[Work item]: Omit the pictures, then write out every entry exactly as it reads.

-------- Data in this exercise

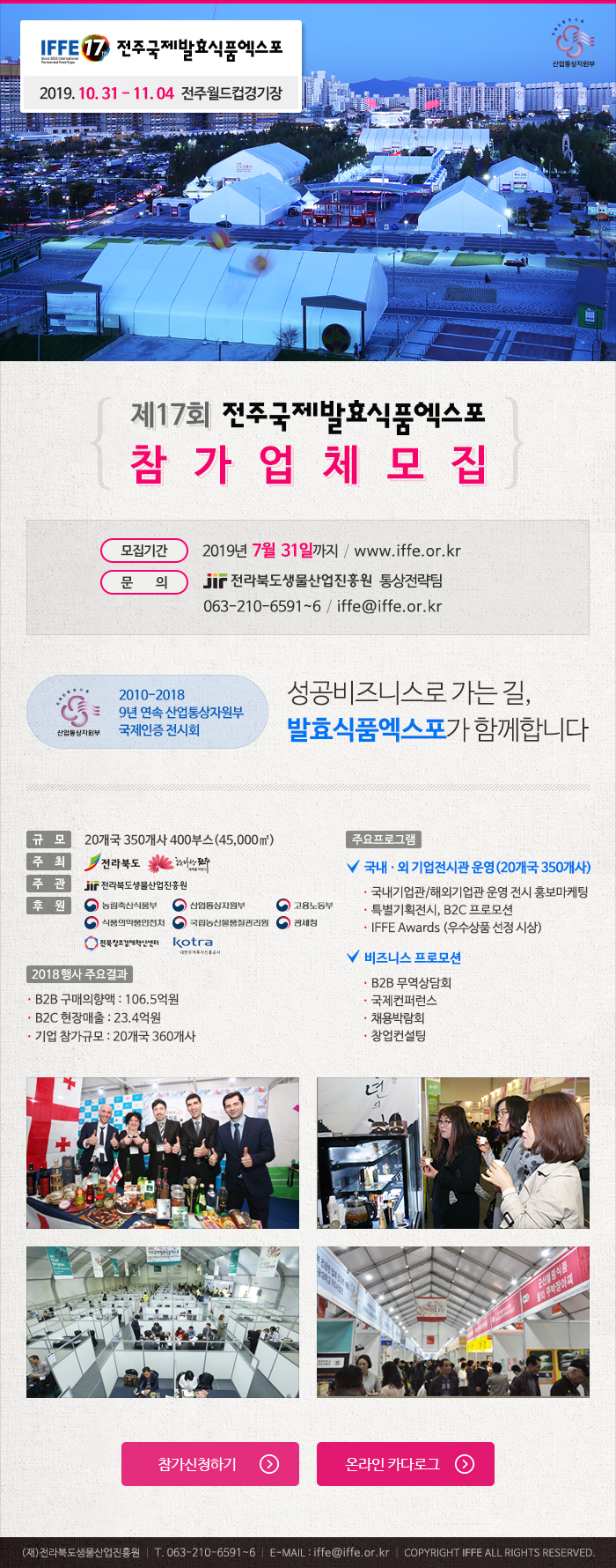 올해 17회를 맞는 전주국제발효식품엑스포(IFFE 2019)가 다음과 같이 개최되오니 관내 발효식품 제조업체 및 시민여러분의 많은 관심과 참여바랍니다.
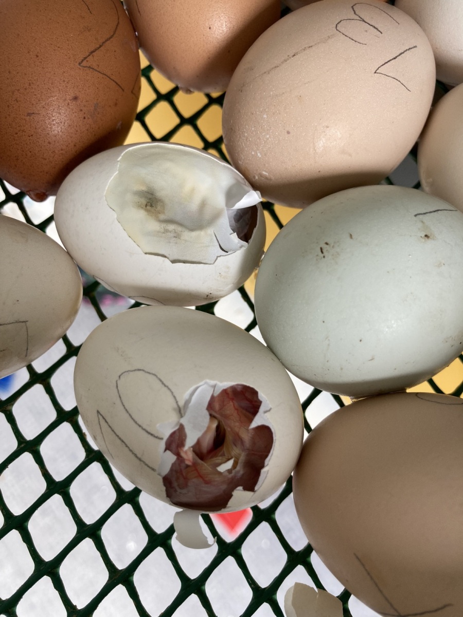 21 jours plus tard, des poussins ont commencé à casser leurs coquilles. Le mardi 20 mai, nous avions 11 poussins dans notre éleveuse avec une lampe chauffante, une mangeoire et un abreuvoir.
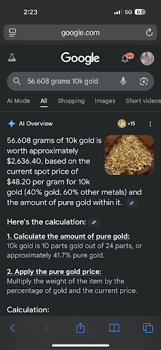 Warning ⚠️ stay away, I brought in my Gold here and my Gold was worth almost $3000 dollars and the lady offered me $1400 the most she could do. I quickly said no that ain’t working for me Gold is very high and I had about 56.608 grams of gold which at that day September 8 Monday Gold was $48.20 per gram for 10k, equaling $2636.40. I’m not stupid I did my research 🔬. Not only that my gold had diamonds which is where I added $464 dollars for my diamond which was a on my bracelet and ring. So I continued to walk away and she stated, “what could I agree to”?, I said posible $2800 or $2900 she said no that’s way too high. I said ok I’ll go check another spot out. So I left and found another “We buy Gold” store near by and he gave me $2500 for my Gold and that my friends is why you should always shop around. Never fall for the scam when they tell you, “ Sorry that’s to high and we would have to pay for the melting of the Gold, We are very honest with our people, ETC ETC” she wanted to pocket almost $1600+ from me, because she could have sold it for more because of the diamonds, the only honest she was being is how badly she wanted to scam me. Scam scam scam, you have...
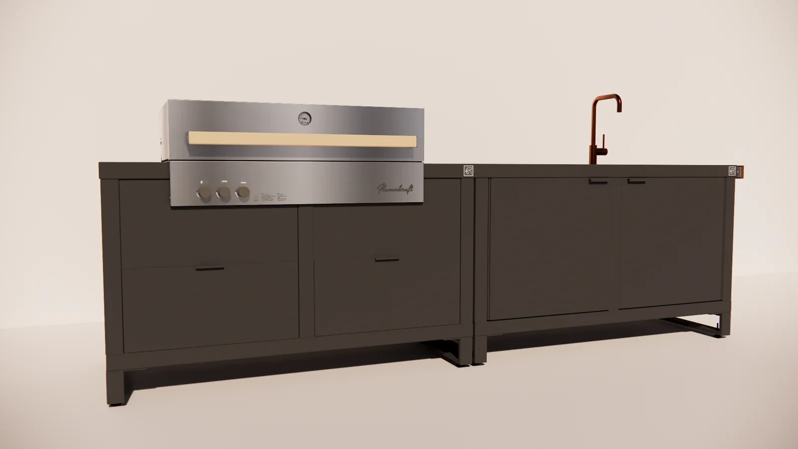 The Roostr Gas BBQ – 3-Piece Rubix Duo GAS with Duo Frame is a high-quality outdoor kitchen from the Rubix GAS series, designed for outdoor chefs who want to combine design and functionality. This spacious setup consists of a Duo Gas Frame with a powerful gas barbecue and a second Duo Frame with an integrated sink and generous storage space.
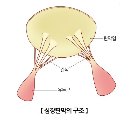 삼천판은 세 개의 판막(leaflets)으로 구성되어 있습니다. 각 판막은 어깨 모양을 하고 있으며, 각 판막은 우심방과 우심실을 연결하는 부분에 위치해 혈류가 원활하게 통과하도록 돕습니다. 이 세 개의 판막이 함께 협력하여 혈액의 흐름을 조절하고, 역류를 막는 데 중요한 역할을 합니다.
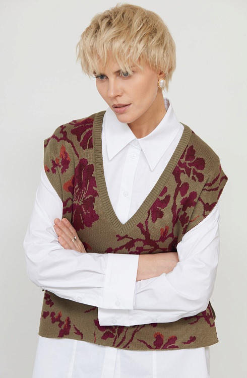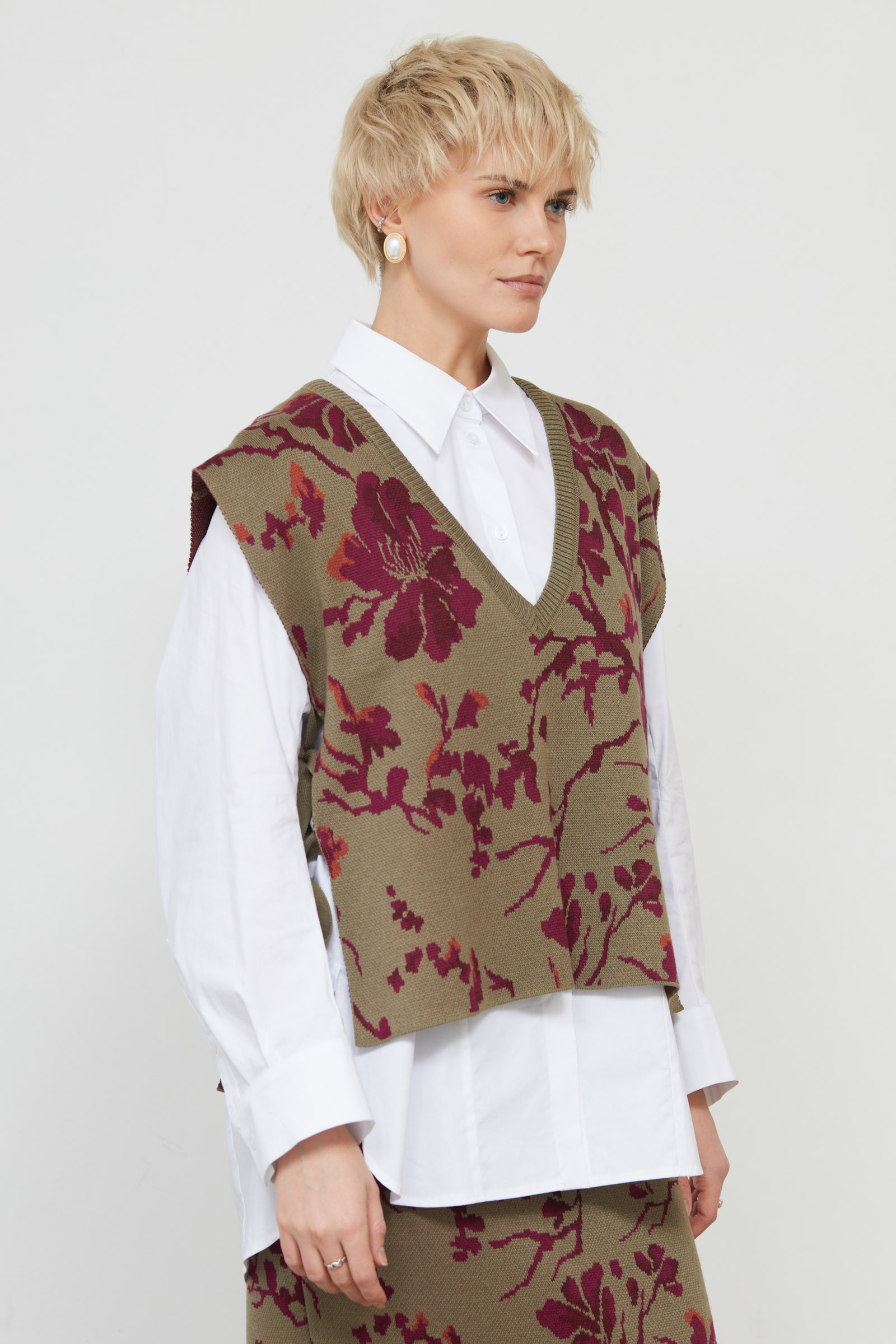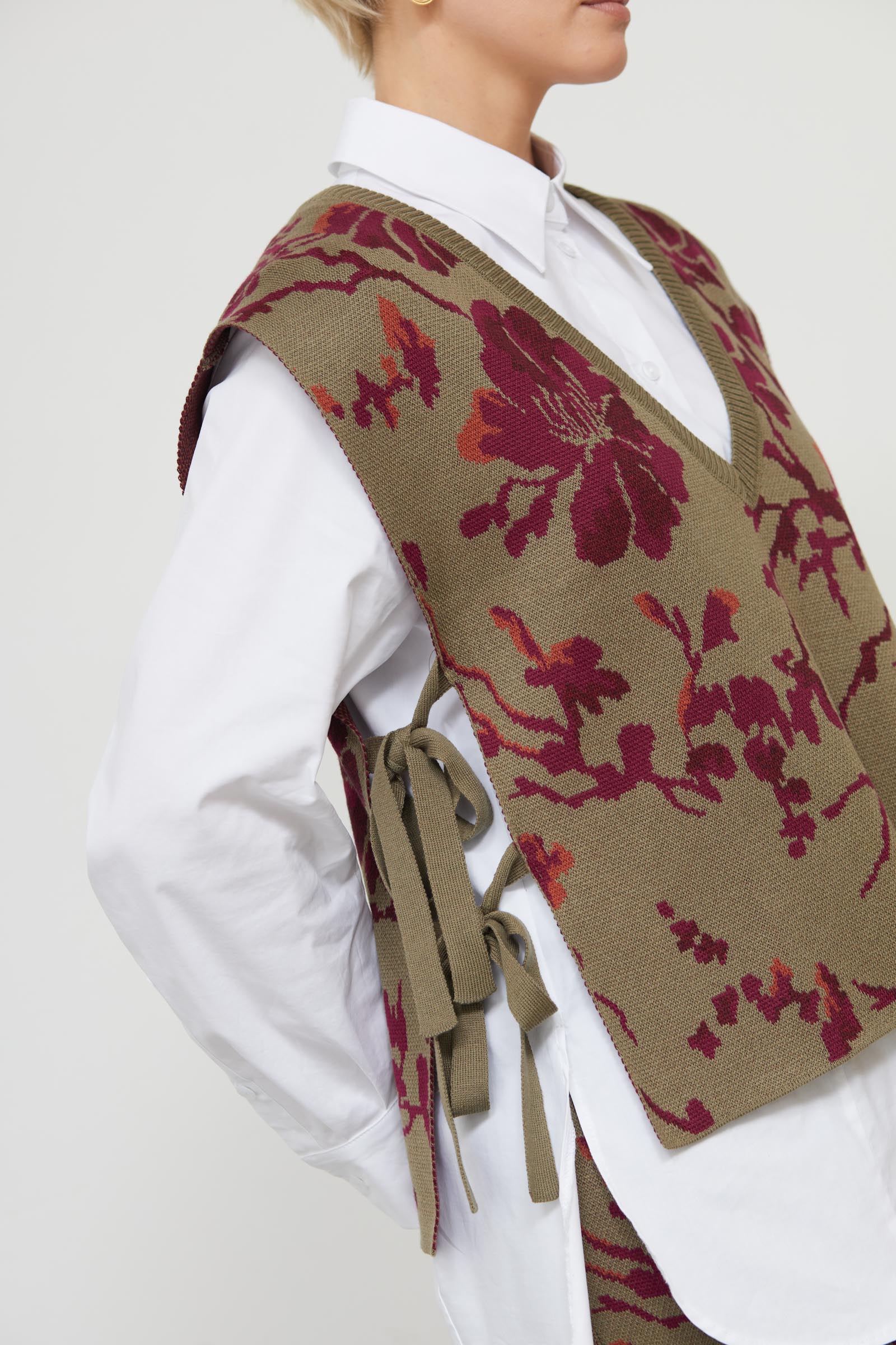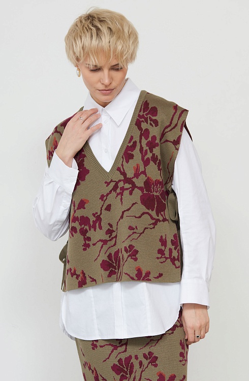 Жилет oversize из мягкого трикотажа жаккардовой вязки с завязками по бокам.

----------------

[Solution]:
 올해 17회를 맞는 전주국제발효식품엑스포(IFFE 2019)가 다음과 같이 개최되오니 관내 발효식품 제조업체 및 시민여러분의 많은 관심과 참여바랍니다.
 21 jours plus tard, des poussins ont commencé à casser leurs coquilles. Le mardi 20 mai, nous avions 11 poussins dans notre éleveuse avec une lampe chauffante, une mangeoire et un abreuvoir.
 Warning ⚠️ stay away, I brought in my Gold here and my Gold was worth almost $3000 dollars and the lady offered me $1400 the most she could do. I quickly said no that ain’t working for me Gold is very high and I had about 56.608 grams of gold which at that day September 8 Monday Gold was $48.20 per gram for 10k, equaling $2636.40. I’m not stupid I did my research 🔬. Not only that my gold had diamonds which is where I added $464 dollars for my diamond which was a on my bracelet and ring. So I continued to walk away and she stated, “what could I agree to”?, I said posible $2800 or $2900 she said no that’s way too high. I said ok I’ll go check another spot out. So I left and found another “We buy Gold” store near by and he gave me $2500 for my Gold and that my friends is why you should always shop around. Never fall for the scam when they tell you, “ Sorry that’s to high and we would have to pay for the melting of the Gold, We are very honest with our people, ETC ETC” she wanted to pocket almost $1600+ from me, because she could have sold it for more because of the diamonds, the only honest she was being is how badly she wanted to scam me. Scam scam scam, you have...
 The Roostr Gas BBQ – 3-Piece Rubix Duo GAS with Duo Frame is a high-quality outdoor kitchen from the Rubix GAS series, designed for outdoor chefs who want to combine design and functionality. This spacious setup consists of a Duo Gas Frame with a powerful gas barbecue and a second Duo Frame with an integrated sink and generous storage space.
 삼천판은 세 개의 판막(leaflets)으로 구성되어 있습니다. 각 판막은 어깨 모양을 하고 있으며, 각 판막은 우심방과 우심실을 연결하는 부분에 위치해 혈류가 원활하게 통과하도록 돕습니다. 이 세 개의 판막이 함께 협력하여 혈액의 흐름을 조절하고, 역류를 막는 데 중요한 역할을 합니다.
 Жилет oversize из мягкого трикотажа жаккардовой вязки с завязками по бокам.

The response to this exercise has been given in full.